Кеменеш дал указание пеметинскому жандармскому фельдфебелю ввести в рабочую среду своего «наблюдателя». Обычно фельдфебель пользовался услугами Адама, которого по-настоящему звали Август Тахта и который работал на заводе. В Пемете он прибыл из Галиции, из города Стрый. Прозвище «Адам» пеметинцы дали ему потому, что, как истинный поляк и правоверный католик, он был того мнения, что первый человек, тот самый Адам в раю, был поляком и католиком. Сколько его ни дразнили, он при всяком удобном случае заявлял об этом своем убеждении.
Однажды вечером, по инструкции жандармского фельдфебеля, Адам пошел туда, где, сидя вокруг костров, народ обсуждал мировые события. Поляк, до этого никогда не участвовавший в этих ночных собраниях, где рассказывались сказки, неохотно пошел к ночному костру, и люди встретили его тоже не очень дружелюбно. У костра все же нашлось место и для него.
С напряженным вниманием весь вечер прислушивался Адам к тому, что там говорилось. Но так как он не понимал как следует ни по-еврейски, ни по-русински, ни по-венгерски, то несколько перепутал слышанное у костра. Он доложил жандармскому фельдфебелю, что некий еврей, по имени Владимир Чаба, обходит все Карпаты в качестве коробейника и собирается бросить директора Кэбля в какую-то реку. Фельдфебеля не очень убедило это донесение Адама, но он все же, как полагается, переправил его Кеменешу. По приказу Кеменеша были тщательно проверены все еврейские коробейники по всему комитату. Но ни одного из них не звали ни Владимиром, ни Чабой. Таким образом, добытые Адамом сведения тоже к цели не привели.

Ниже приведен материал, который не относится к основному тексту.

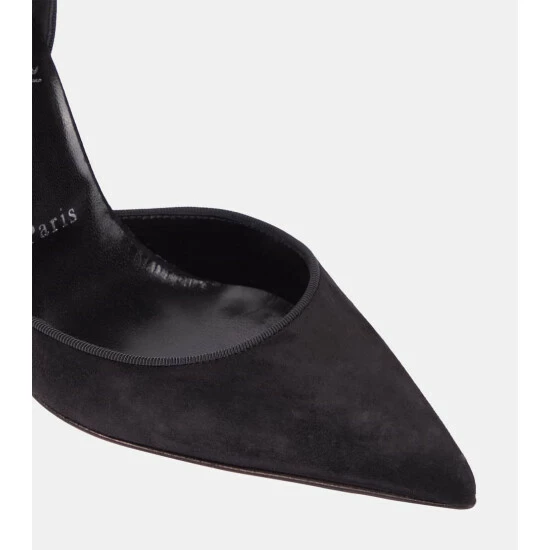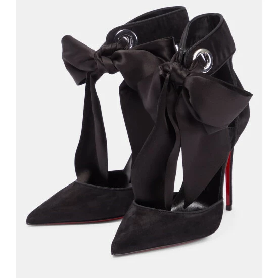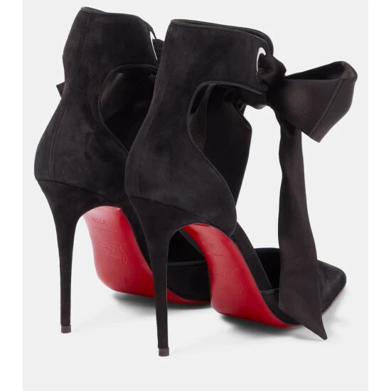 The Torrida pumps from Christian Louboutin balance a rich suede upper with silky satin self-tie detailing. The tonal design has a stiletto heel and a classic d’Orsay silhouette.

По истечении четырех недель Кеменеш прекратил дознание. Арестанты были выпущены. Чтобы Хозелиц на всю жизнь запомнил марамарош-сигетскую полицию, перед тем как выпустить, на прощание ему выбили молотком три коренных зуба.

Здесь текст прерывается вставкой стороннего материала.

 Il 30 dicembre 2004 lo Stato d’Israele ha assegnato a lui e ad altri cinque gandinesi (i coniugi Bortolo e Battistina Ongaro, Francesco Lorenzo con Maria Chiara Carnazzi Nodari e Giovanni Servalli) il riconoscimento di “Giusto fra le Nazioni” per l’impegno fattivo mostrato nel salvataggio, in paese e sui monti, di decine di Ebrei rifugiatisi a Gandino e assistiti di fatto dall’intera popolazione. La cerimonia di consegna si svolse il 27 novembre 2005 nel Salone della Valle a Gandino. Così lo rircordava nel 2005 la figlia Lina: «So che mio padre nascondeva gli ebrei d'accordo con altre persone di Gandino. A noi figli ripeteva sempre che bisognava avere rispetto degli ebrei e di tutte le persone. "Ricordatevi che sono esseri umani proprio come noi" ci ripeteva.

Директор Кэбль пролежал в постели два месяца. Наконец он выздоровел, но одно плечо у него стало немного ниже другого. Пока он хворал, завод тоже работал, как больной. Когда машины были в порядке — из лесу не прибывали бревна. Когда во дворе завода лежало много бревен — что-нибудь случалось с машинами. Завод не мог выполнить своих обязательств по отношению к строительным предприятиям и мебельным фабрикам и принужден был выплачивать большие неустойки.
Выздоровев, Кэбль сам предложил рабочим прислать к нему представителей для переговоров. Переговоры, которые со стороны рабочих вели Хозелиц и темнолицый Медьери, продолжались два дня. Директор сократил рабочий день до двенадцати часов. Заработную плату — как для заводских, так и для лесных рабочих — он повысил на двадцать пять крейцеров.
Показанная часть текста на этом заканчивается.